Lines to restate from the data below: from the one containing "よせばよいのに角ふじスタミナラーメンの野菜倍、更に有料野菜も加え全マシ発注。" to the one containing "A pleated short", both included. Give them again exactly, and only them.

GIVEN RECORDS ▸
>>>
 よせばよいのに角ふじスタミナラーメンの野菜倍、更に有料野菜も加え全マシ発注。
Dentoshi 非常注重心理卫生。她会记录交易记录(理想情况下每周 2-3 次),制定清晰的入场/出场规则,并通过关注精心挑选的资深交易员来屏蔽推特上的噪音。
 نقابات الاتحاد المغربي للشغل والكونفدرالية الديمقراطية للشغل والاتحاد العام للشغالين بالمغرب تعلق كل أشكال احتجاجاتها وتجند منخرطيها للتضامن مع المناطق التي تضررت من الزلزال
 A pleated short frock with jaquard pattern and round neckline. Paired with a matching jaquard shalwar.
<<<
>>>
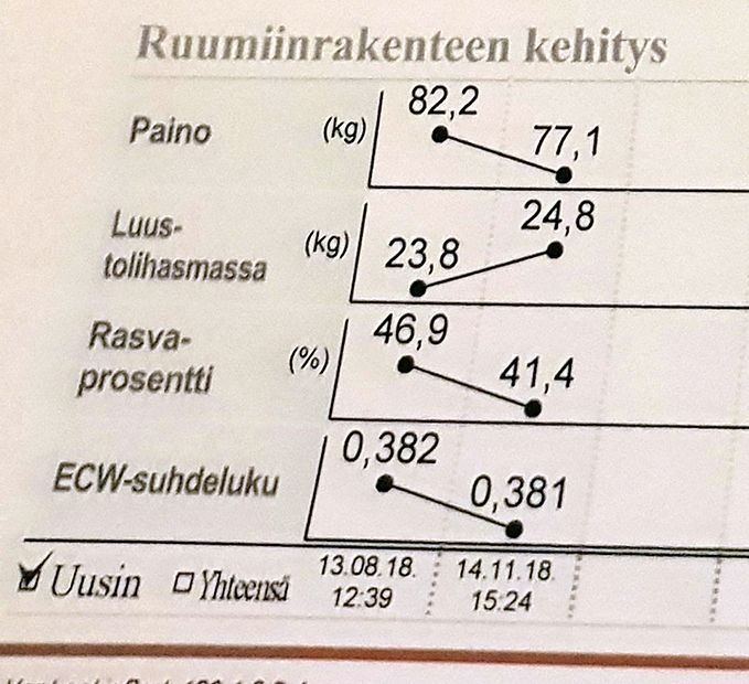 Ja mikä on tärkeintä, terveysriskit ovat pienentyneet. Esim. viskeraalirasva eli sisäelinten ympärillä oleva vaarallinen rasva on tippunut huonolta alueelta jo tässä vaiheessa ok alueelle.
<<<
>>>
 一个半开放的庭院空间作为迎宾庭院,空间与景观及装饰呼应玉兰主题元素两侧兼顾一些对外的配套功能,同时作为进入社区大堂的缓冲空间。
<<<
SOLUTION TO THE PROBLEM ▸
 よせばよいのに角ふじスタミナラーメンの野菜倍、更に有料野菜も加え全マシ発注。
Dentoshi 非常注重心理卫生。她会记录交易记录(理想情况下每周 2-3 次),制定清晰的入场/出场规则,并通过关注精心挑选的资深交易员来屏蔽推特上的噪音。
 نقابات الاتحاد المغربي للشغل والكونفدرالية الديمقراطية للشغل والاتحاد العام للشغالين بالمغرب تعلق كل أشكال احتجاجاتها وتجند منخرطيها للتضامن مع المناطق التي تضررت من الزلزال
 A pleated short frock with jaquard pattern and round neckline. Paired with a matching jaquard shalwar.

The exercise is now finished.